Two U.S. senators have asked the inspector general of the Health and Human Services Department to investigate a practice by pharmacy-benefit managers known as spread pricing, as part of a wider inquiry by lawmakers into U.S. drug costs.
Ron Wyden of Oregon, the ranking Democrat on the Senate Finance Committee, said that he and Chairman Chuck Grassley of Iowa have requested the inspector general, which examines the operations of government health programs, to probe the issue. Under spread-pricing arrangements, PBMs charge one amount to health plans for a drug, then reimburse pharmacies a different, often lower amount — and capture the spread in between.
“PBMs are paying one set price to pharmacies for a particular drug, but they’re turning around and charging Medicaid and other health-care payers far more for that same prescription,” Wyden said in his opening remarks at a hearing Tuesday. “If there are changes that can be made to clamp down on this exploitation of Medicaid, I hope the committee will consider it. In my view, it’s as clear a middleman ripoff as you’re going to find.”
Executives from five PBMs — including CVS Health Corp., UnitedHealth Group Inc.’s OptumRx unit and Express Scripts parent Cigna Corp. — are testifying in front of the Finance Committee as part of the panel’s series of hearings on drug costs. The session follows a February hearing with executives at seven big pharmaceutical companies, who attempted to put much of the blame for high drug prices on PBMs.

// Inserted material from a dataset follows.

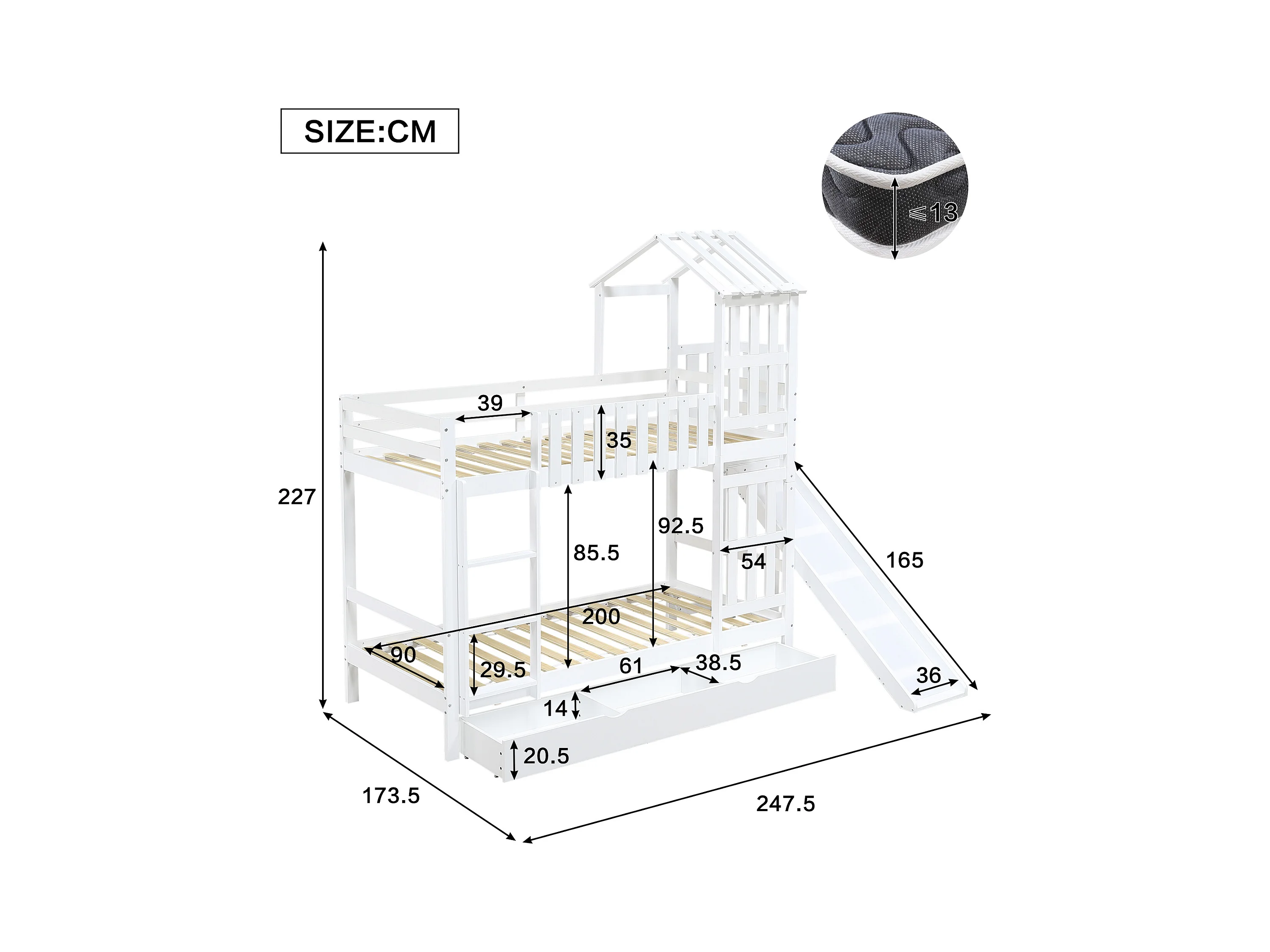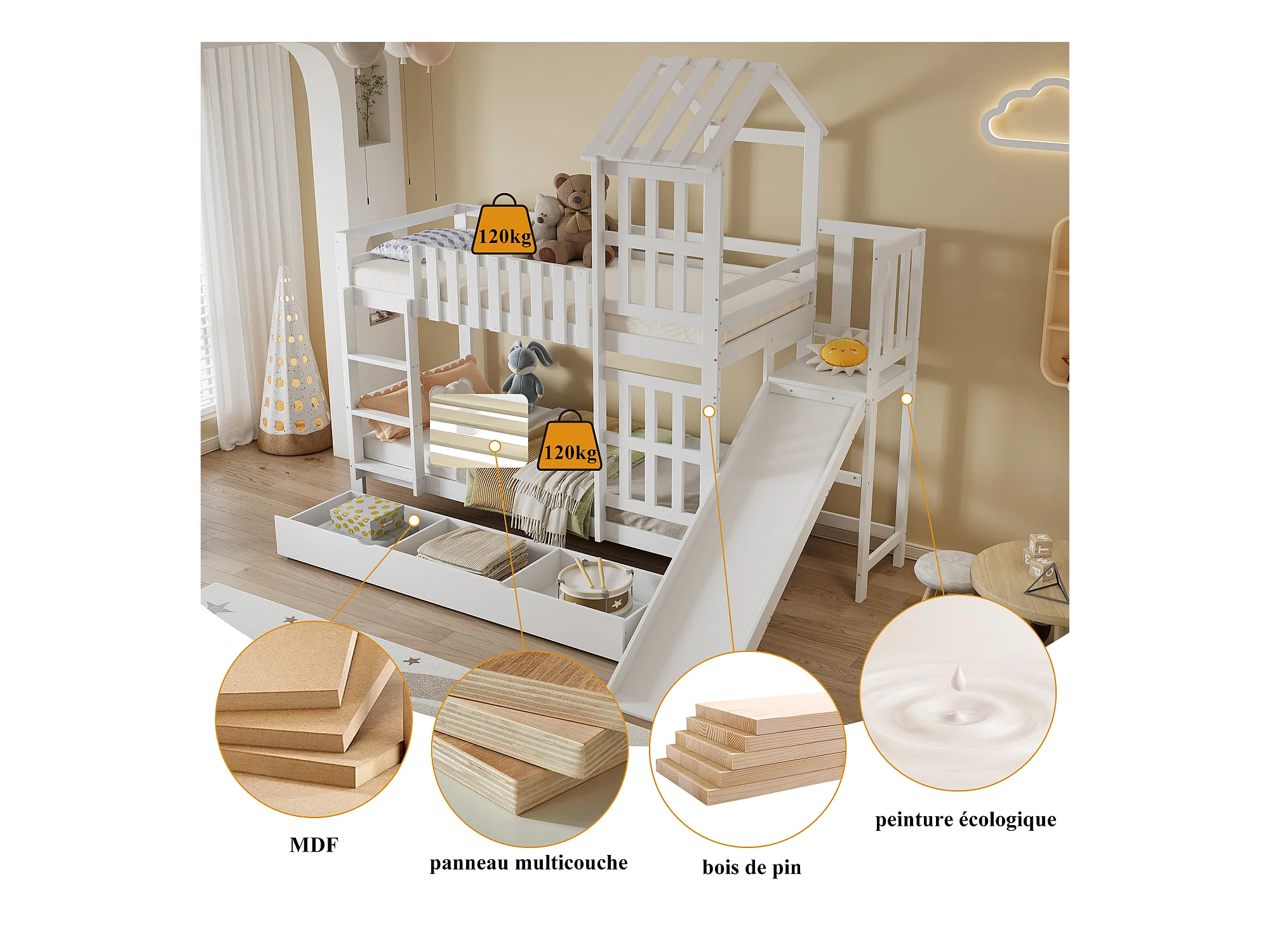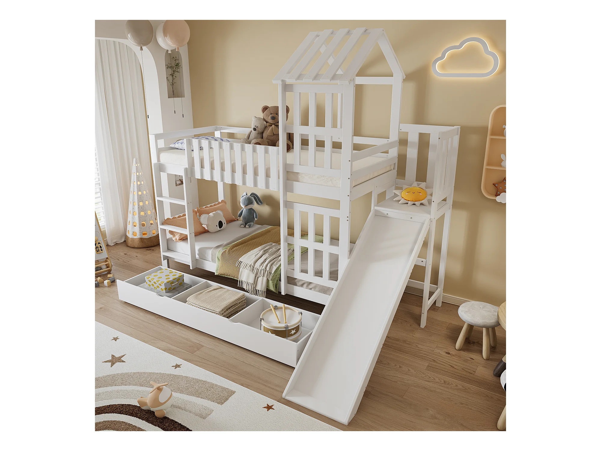 Etagenbett, Kinderbett, Große Schublade Mit Rollen, Spaßrutsche für Kinder

Despite Congress’s scrutiny, both drugmakers and PBMs have gone more or less unscathed so far, and made the case that other health-care players were at fault.
Investors seemed to take the hearing in stride, and shares of the three largest pharmacy-benefit managers trading above their lowest points of the session. Cigna gained 2 percent to $170.71 at 11:37 a.m, while UnitedHealth was up about 0.2 percent to $249.15. CVS shares were down 0.1 percent.
At the hearing, the PBM executives said their companies play a crucial role in holding down drug costs, negotiating millions of dollars in savings for their clients.
Bloomberg News has previously reported that PBMs have taken large markups in Medicaid plans. For many commonly prescribed generic medications, state insurance plans are paying millions in fees to PBMs, Bloomberg’s analysis found. PBMs have said that spread pricing helps stabilize drug costs, and that their clients enter into the arrangements freely.
As the hearing began on Tuesday, CareSource, a nonprofit that runs government-sponsored health plans in five states, said it would have Express Scripts administer member drug benefits beginning in 2020, instead of CVS’s Caremark division. The change will affect prescription coverage for almost two million people.
Several of the states where CareSource operates have scrutinized spread pricing in Medicaid, where CVS runs many of the drug benefits for the plans.
“We believe the current PBM model has significant room for improvement,” said Erhardt Preitauer, chief executive officer of CareSource. “CareSource saw an opportunity to reinvent the model with a focus on transparency.”
CVS didn’t immediately respond to requests for comment about the change.